With just three years having passed since its launch, Rock Health has graduated four classes of digital health startups, making it one of the most active and influential startups in the industry. The company has invested in a total of 72 companies, of which 55 are still active. The group has gone on to raise an impressive $207 million in additional venture funding, and three Rock Health startups have already been acquired. Lift Labs, which makes a spoon for Parkinson’s Disease patients that counteracts the effect of tremors, raised $1.8 million before being acquired by Google in 2012. Sessions, a personalized fitness app, was acquired by MyFitnessPal in February 2014. Pipette, a remote patient monitoring tool that helps health systems monitor post-acute recovery through a smartphone app, was a member of Rock Health’s inaugural class and was acquired by Ginger.io just a year after its launch.
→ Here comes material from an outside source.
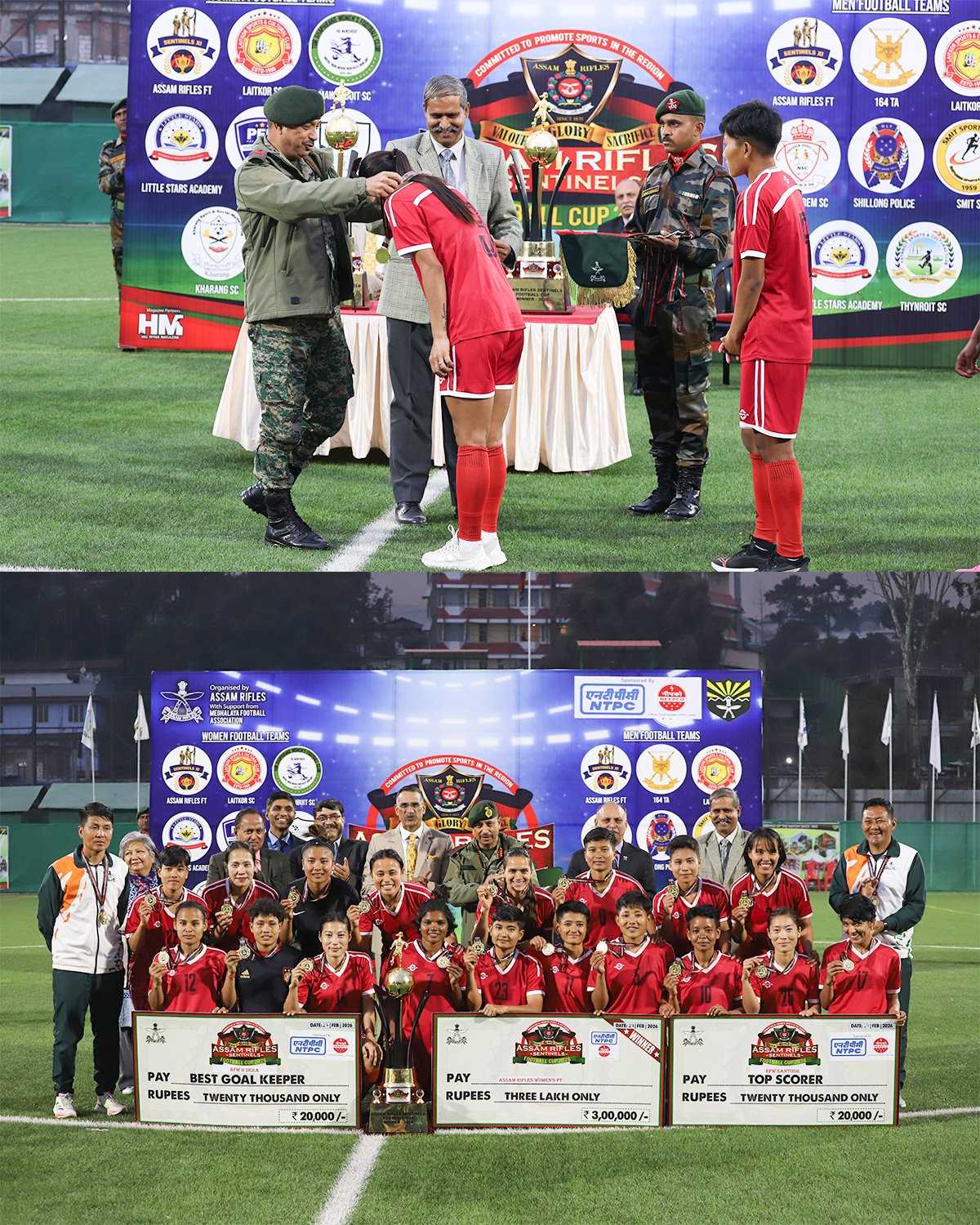 The champions received the prestigious Sentinels Cup Trophy and a cash prize of ₹3 lakh, inspiring young athletes across the North East. The grand finale and closing ceremony were graced by Lt Gen Vikas Lakhera, AVSM, SM, as Chief Guest. Senior officers of Assam Rifles, civil dignitaries, sports officials, and enthusiastic spectators added prestige and grandeur to the event.

To help its pool of startups go on to raise larger secondary rounds, Rock Health has also announced some strategic changes that it will put into place. First, the company is upping its commitment to these startups from a $100,000 investment to a $250,000 investment. The move is designed to reassure other VC firms that might invest in the startup themselves, but should also give startups a bit more runway before they need to start fundraising their Series A. In addition to the much larger seed round, Rock Health says it will be much more selective when accepting applications. Currently, the accelerator program accepts an average of three percent of the startups that apply, an acceptance rate lower than any Ivy League university. However, Rock Health announced this week that it will move to heighten its standards so that it is only accepting the top one or two percent of startups that apply to the program. Collectively, Rock Health hopes that this will result in early stage investments in well funded startups that VC will get behind and lead to commercial success.

Rock Health is currently recruiting its fifth class, with applications due by November 20 for a slot in its January program.